Peiting – Es ist ein kleiner Vorgeschmack auf die Play-offs: Zweimal binnen zweier Tage geht es für den EC Peiting gegen das selbe Team. Für ihn als Trainer „ist das ganz gut“, sagt ECP-Coach Sebastian Buchwieser. „Du kannst dich voll und ganz auf einen Gegner vorbereiten.“ Der hat es allerdings in sich: es ist der SC Riessersee. Und das ist schon etwas anderes, „als wenn du zweimal gegen Höchstadt spielst“, sagt Co-Trainer Markus Keppeler. „Da könnte es speziell im zweiten Spiel schon hitziger werden.“ Im jüngsten Aufeinandertreffen vor vier Wochen (Peiting verlor mit 2:3) ging es schon hoch her. Das Geschehen damals „spielt jetzt keine Rolle mehr“, so Buchwieser.

Duelle mit dem SC Riessersee – dort hat Buchwieser seine komplette Nachwuchszeit verbracht – „sind besondere Spiele. Da brauchen wir uns nichts vorzulügen“. Gut also, dass die Peitinger sportlich mit Siegen über Höchstadt (5:3) und Lindau (4:0) wieder in die Spur zurückgefunden haben. Riessersee, gibt Buchwieser zu bedenken, „ist allerdings ein anderes Kaliber“. Der Gegner habe „eine Profi-Mannschaft, die auch unter professionellen Bedingungen trainiert“. Um gegen den SCR etwas zu holen, müssten die Spieler das Tempo hochhalten, die Scheibe schnell nach vorn bringen, sich im eigenen Drittel bei Zweikämpfen unterstützen. „Du musst vor allem im Kopf schnell sein“, sagt Buchwieser. Allein vom Läuferischen her ist Riessersee „in dieser Liga Extra-Klasse“, so der ECP-Coach.

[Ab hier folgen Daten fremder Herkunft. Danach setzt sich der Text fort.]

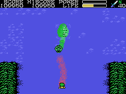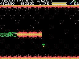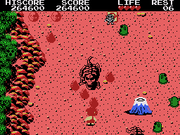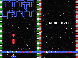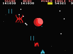 Not only does the game know what it can demand from the MSX1, but also what to expect from the player. The game is hard, but not inhumanly so. Enemies don't spare any bullets and attack in whole squadrons at a time, but the player's ship is protected by a rechargeable shield, and with the right amount of speed upgrades, dodging is a piece of cake. The bosses are almost too easy, and despite their individual sprites, they all act more or less the same.

Was den Kader betrifft, ist Buchwieser froh, dass in Wayne Lucas (22/kam vom ERC Sonthofen) ein Verteidiger verpflichtet werden konnte. Von dem neuen Mann dürfe man jetzt aber keine Wunderdinge erwarten, so Co-Trainer Keppeler. Immerhin: Dank des Neuzugangs stehen dem ECP für die Derbys fünf etatmäßige Verteidiger zur Verfügung. Ansonsten wären es nur vier gewesen, da Alexander Winkler gegen Lindau eine Spieldauerstrafe kassiert hat. So schlimm die Personallage auch geworden wäre, eines stand fest: „Weder der Trainer, noch der Co-Trainer, noch der technische Leiter (Gordon Borberg, d. Red.) wären aufs Eis gegangen“, sagt der Coach mit Augenzwinkern. Mit wem Neuzugang Lucas ein Verteidiger-Duo bilden wird, wird Buchwieser erst noch entscheiden. Sicher ist, dass Thomas Heger ebenfalls in der Defensive spielen wird.